Friday, November 7, 2008

They Look Like Us

Along with many of you, we watch and high fived and kissed and hooted with joy on the historic night of Nov 4th 2008. Obama standing at the podium, giving his speech, is one of those moments that you wll look back on and know what you were doing and who you were with.

My kids were allowed to stay up late and watch, but the whole thing was just too much for Juice. He peacefully drifted off to Obama's words between Myron and I on the couch. Mac however, was glued to the TV, and was asking all the right questions and serving up her own opinions on McCain and especially Palin. Grown up opinions I might add. Sounds like she's been listening to a bit of Air America in dad's car?!?

But all of us were accutely aware of the significance of the moment and for my kids especially, to never know that there are barriers to doing whatever they want because of the color of their skin is incredible for me to witness and know. When Myron and I married our parents were each skeptical that it would bring us happiness or that our children would be treated properly in this world. Myron and I also worried some that they might have to face difficulties because of their ethnicity. But this brings us hope and the belief that in this new day, as small of an issue as it is, that having someone who looks like them in the highest position in the land, and possibly the world, will break down even more barriers and prejudices and allow them to thrive and make their way, like everyone else.

McKenna remarked: "Those girls are so lucky - they get to live in the white house!" and to her, knowing nothing else, it seems like the most natural thing.
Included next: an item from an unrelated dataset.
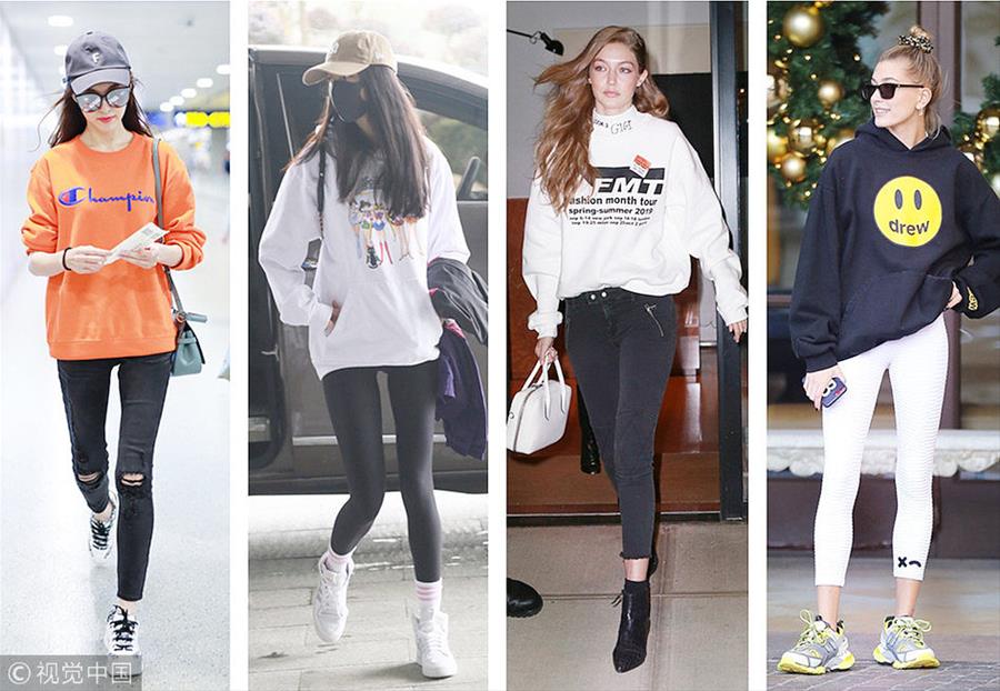 新华网2019年3月20日讯最近“带货王”杨幂持续营业再回街拍界,即使画质渣大家看着也很开心。明明已经是32岁的辣妈,总能穿出满满的少女感,卫衣+铅笔裤无论是作为内搭还是外穿简单青春。宽松的卫衣隐藏女性特征,紧身裤又能突显纤细长腿,杨幂这次2.0版的私服是再舒适不过的穿搭了。(图片来源:视觉中国)

But Myron and I, with tears in our eyes, didn't realize that the image of the First Family being white and older was so etched in our patriotic consciousness that it's almost hard to comprehend the new look of our leadership.

The hard work now starts. We also realize how much we are going to be asked to sacrifice and that we must help put this country back together. If we believed in Obama's ideals so fervently, then it's time to walk the walk. Hope to see you all along that road!

Wednesday, October 22, 2008

Please - Let This End (My Way)

I'm usually patient about politics. There's really no need to worry - I know I can't know results before election day, so I vote and wait patiently for results on the 6pm news every election day. This year, it's excrutiating! I feel like I'm the one running, Begging for this this end, but to end my way. I really feel anxious for the results and I just WANT TO KNOW! TODAY!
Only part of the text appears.